State Route 610 begins at the intersection of Las Vegas Boulevard North (SR 604) and Lamb Boulevard in the unincorporated township of Sunrise Manor. From there, it follows Lamb Boulevard northward, passing through mostly residential neighborhoods. The route eventually enters the city of North Las Vegas and passes by some industrial businesses. The SR 610 designation ends at the Lamb Boulevard interchange with Interstate 15 (I-15) and U.S. Route 93 (US 93).

==History==
By 1968, the I-15 under construction in Nevada had a terminus at the Lamb Boulevard interchange. Freeway traffic to the north of Las Vegas transitioned from the Interstate to the old highways on Las Vegas Boulevard (U.S. Routes 91 and 93) by way of Lamb Boulevard. The Interstate access along Lamb Boulevard was no longer a major through movement by 1972, as I-15 was completed further south into the urban core of Las Vegas by that time.

SR 610 was established in the 1976 renumbering of Nevada's state highways.
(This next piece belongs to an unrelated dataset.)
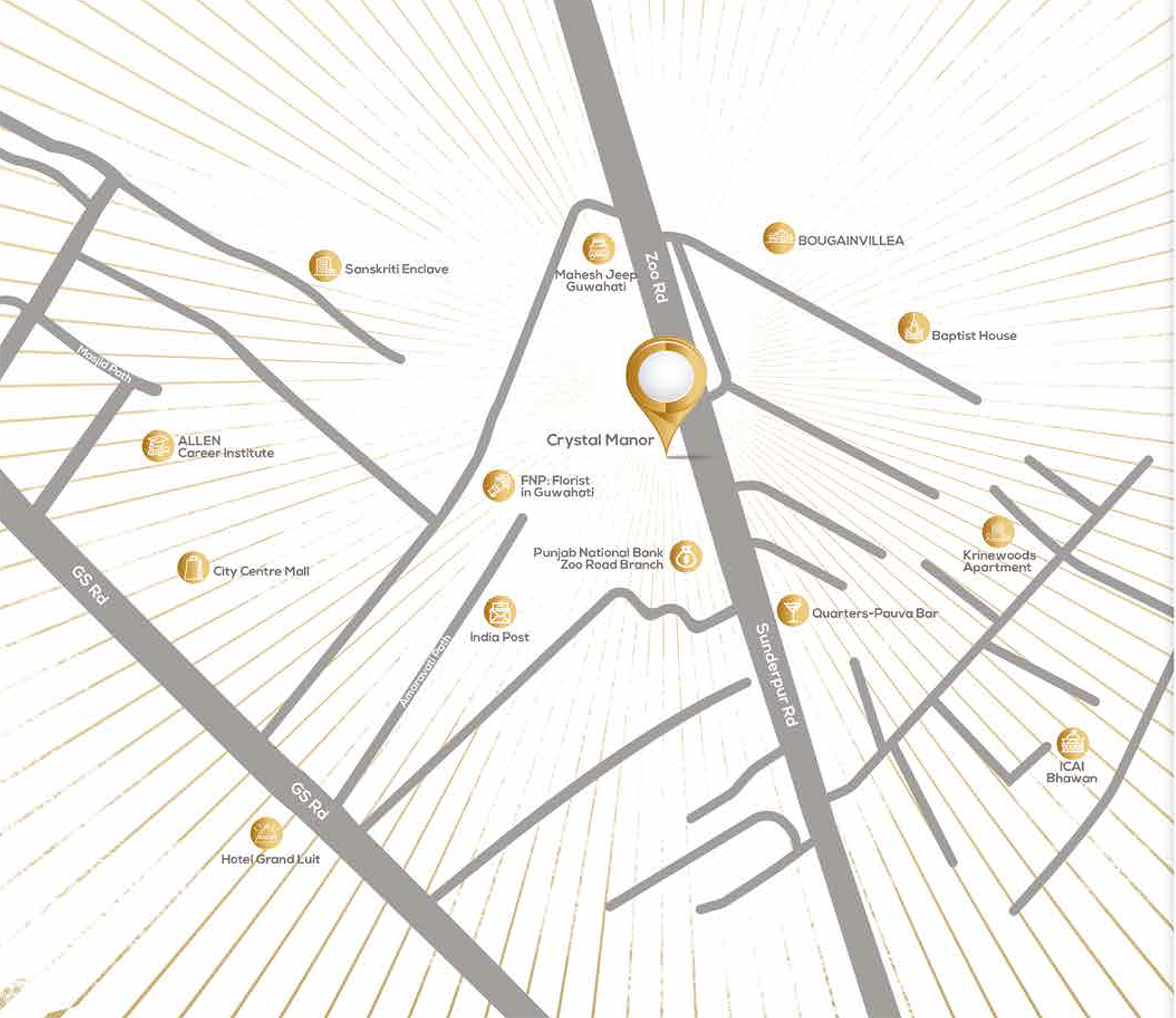 Be the 'centre of attraction' at the central point of the city of Guwahati. Welcome to your ever-cherished haven 'Crystal Manor', next to everything. It's a lovely world where the world outside will come within your arm's length. Malls to lifestyle zones, hospitals to hotels, educational centres to entertainment hub, there's everything at your service. Enjoy the conveniences of a kingly location that will gel well with your royal lifestyle inside. All you need is to just step outside your premises!

The route was designated on July 1, 1976.

==Major intersections==

| Location | mi | km | Destinations | Notes |
| Sunrise Manor | 0.000 | 0.000 | SR 604 (Las Vegas Boulevard) | Southern terminus; former US 91/US 93 |
| North Las Vegas–Sunrise Manor line |  |  | SR 573 (Craig Road) |  |
| North Las Vegas | 2.370 | 3.814 | I-15 / US 93 (Las Vegas Freeway) – Los Angeles, Ely, Salt Lake City | Interchange; northern terminus; I-15 exit 50 |
1.000 mi = 1.609 km; 1.000 km = 0.621 mi

==Public transport==
RTC Transit Route 203 functions on this road.